I was diagnosed with lupus in 1999 at the age of 39 . I am 59 yrs old now . I have had many ups and down with lupus . I am also a retired nurse and spreading awareness and education on lupus . In my nursing career I worked with patients who had chronic illnesses and assisted them in getting the care they needed. Kaleidoscope has helped give me the knowledge and help educate and spread awareness of lupus and chronic illness.

Andrea

Andrea

I was diagnosed last July after feeling sick for quite a number of years. I had to stop working in order to figure out what my body was going through.
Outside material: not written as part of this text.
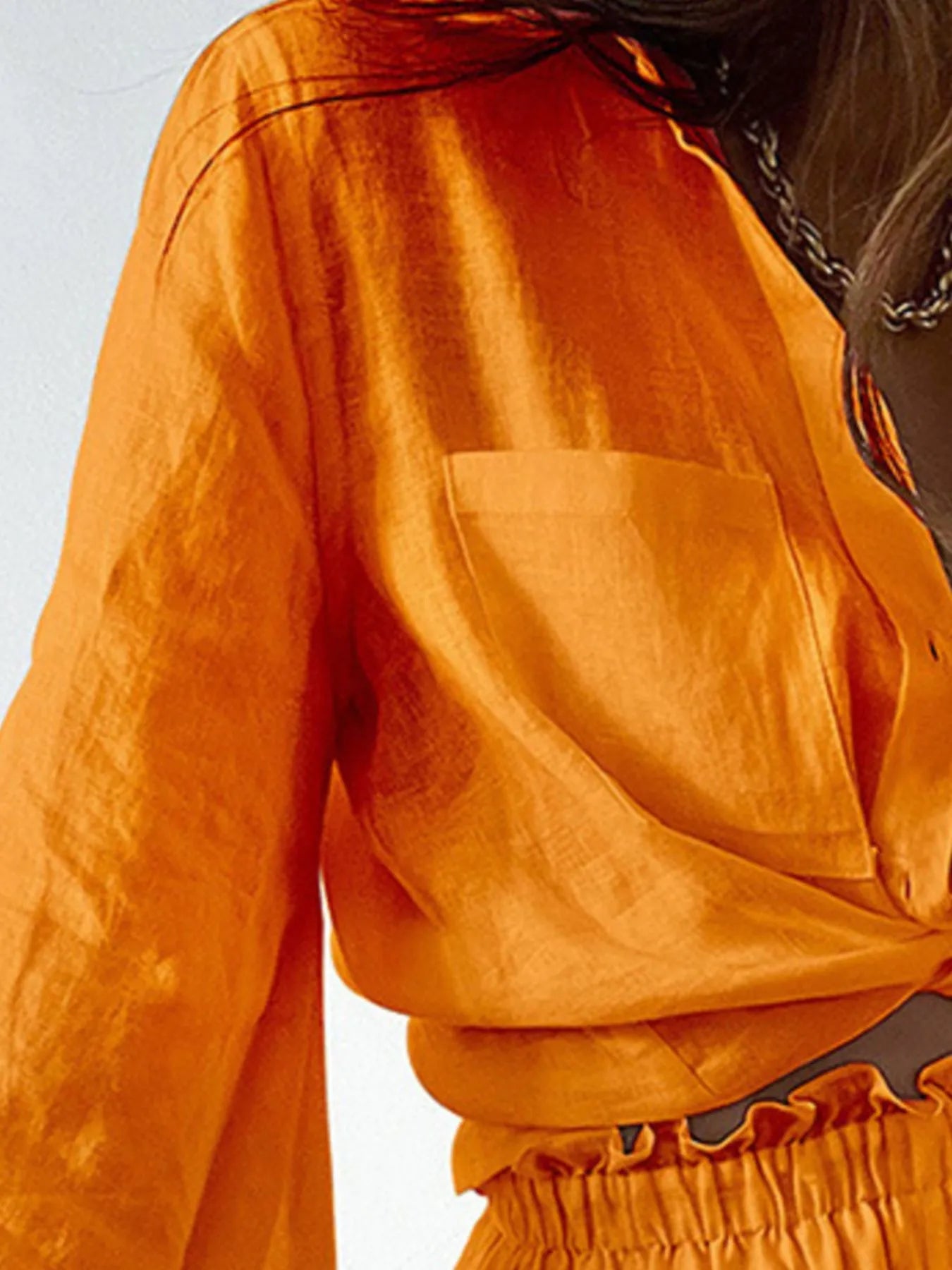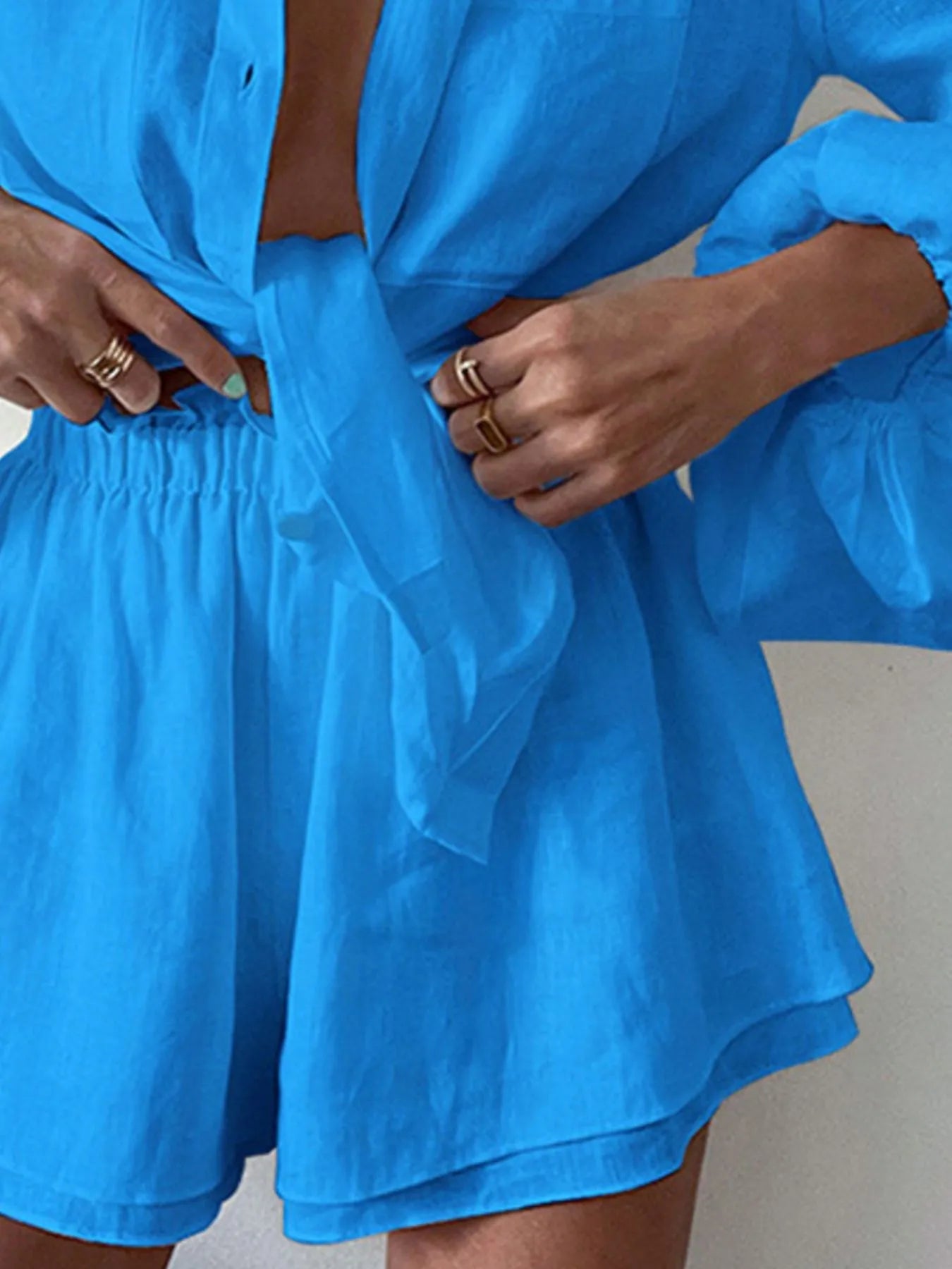 Full Size Button Up Balloon Sleeve Top and Shorts Set Plus Size

I had to have a hysterectomy at 36, which pushed me to have early menopause and osteoporosis. But as us lupus warriors fight...I didn't want this disease to get the best of me. I found myself having to start from scratch after 15 years in the medical field. I'm now also a notary public and on my way back up!

Lorenz

Lorenz

The year 2018 hit me with my greatest battle with lupus. More than the pains my body had already endured, depression drowned me, swallowed me to its deepest ground. My mind was a full bottle, crowded and perilous. But this experience is teaching me to observe life through an empty bottle; that I must learn to pour out everything first, so that I can clearly see the bigger reason for this life episode. I surrender to the substance that already fills me to allow new, clear water to flow.

Jacqueline

Jacqueline

Hey my name is Jacqueline. I was diagnosed with lupus 2010 and it hit hard May 15, 2018. My joint pains are real bad and my shoulders feel so heavy with pain that I can barely lift my hand. I'm recently in a wheelchair because I can't stand up on my own. I do have physical therapy coming to my home. I am taking my medicine, Plaquenil. I lost my hair due to lupus, Still, I will not let lupus defeat me!

Nicole

Nicole

I went from a healthy active 22-year-old to a crippled one. I went through months of debilitating joint pain, weight loss, rashes, pleurisy, purple fingers, pneumonia, & fevers that all led to a diagnosis of Lupus. While I can sit here and write about how much it sucks, and how much it’s negatively impacted my life, I choose to tell you how it’s been a blessing. It’s shown me what’s important in life, who’s important in this life and how to appreciate the little things. It’s taught me that I’m strong!